The problem. One range is to be output from the listing below, exactly as written: the line with "- Aigüera a" to the line with "調(diào)整后運(yùn", both kept.

Material to process.
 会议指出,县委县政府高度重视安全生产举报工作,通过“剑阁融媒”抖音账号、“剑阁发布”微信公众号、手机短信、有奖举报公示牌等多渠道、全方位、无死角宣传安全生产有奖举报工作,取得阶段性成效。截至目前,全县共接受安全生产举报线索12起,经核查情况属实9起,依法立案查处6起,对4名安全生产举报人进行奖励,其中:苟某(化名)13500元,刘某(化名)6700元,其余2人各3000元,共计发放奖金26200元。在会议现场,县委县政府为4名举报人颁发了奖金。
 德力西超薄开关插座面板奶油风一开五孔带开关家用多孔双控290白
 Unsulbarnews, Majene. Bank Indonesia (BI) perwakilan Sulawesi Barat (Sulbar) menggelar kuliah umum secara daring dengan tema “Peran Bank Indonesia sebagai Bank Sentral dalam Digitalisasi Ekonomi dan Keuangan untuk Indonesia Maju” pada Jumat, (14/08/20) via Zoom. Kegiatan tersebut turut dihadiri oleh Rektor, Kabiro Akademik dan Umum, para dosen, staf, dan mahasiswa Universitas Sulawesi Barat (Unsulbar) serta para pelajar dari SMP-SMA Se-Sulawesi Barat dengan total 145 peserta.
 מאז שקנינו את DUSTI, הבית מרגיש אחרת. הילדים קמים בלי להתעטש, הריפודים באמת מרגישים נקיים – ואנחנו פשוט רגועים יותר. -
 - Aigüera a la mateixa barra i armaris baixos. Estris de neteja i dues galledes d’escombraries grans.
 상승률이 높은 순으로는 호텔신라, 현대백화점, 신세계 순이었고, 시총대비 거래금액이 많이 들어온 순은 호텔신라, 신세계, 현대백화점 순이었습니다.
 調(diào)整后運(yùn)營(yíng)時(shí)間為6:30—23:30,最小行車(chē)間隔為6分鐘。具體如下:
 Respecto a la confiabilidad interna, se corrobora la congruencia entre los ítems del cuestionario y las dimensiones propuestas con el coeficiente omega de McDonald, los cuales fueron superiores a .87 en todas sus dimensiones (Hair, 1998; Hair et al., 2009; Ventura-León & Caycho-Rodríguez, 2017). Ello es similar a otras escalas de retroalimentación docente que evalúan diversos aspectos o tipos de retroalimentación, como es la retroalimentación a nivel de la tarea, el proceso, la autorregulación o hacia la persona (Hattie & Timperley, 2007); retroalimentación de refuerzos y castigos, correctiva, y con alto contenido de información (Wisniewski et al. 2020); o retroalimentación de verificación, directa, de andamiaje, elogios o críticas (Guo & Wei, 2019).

---

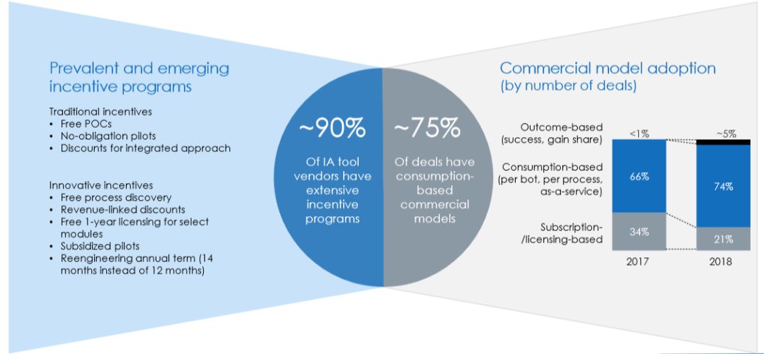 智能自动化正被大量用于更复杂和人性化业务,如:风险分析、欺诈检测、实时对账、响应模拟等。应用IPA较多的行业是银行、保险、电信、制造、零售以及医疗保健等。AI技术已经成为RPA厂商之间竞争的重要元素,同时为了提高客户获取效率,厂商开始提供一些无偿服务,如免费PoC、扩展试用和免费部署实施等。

Answer box.
 - Aigüera a la mateixa barra i armaris baixos. Estris de neteja i dues galledes d’escombraries grans.
 상승률이 높은 순으로는 호텔신라, 현대백화점, 신세계 순이었고, 시총대비 거래금액이 많이 들어온 순은 호텔신라, 신세계, 현대백화점 순이었습니다.
 調(diào)整后運(yùn)營(yíng)時(shí)間為6:30—23:30,最小行車(chē)間隔為6分鐘。具體如下:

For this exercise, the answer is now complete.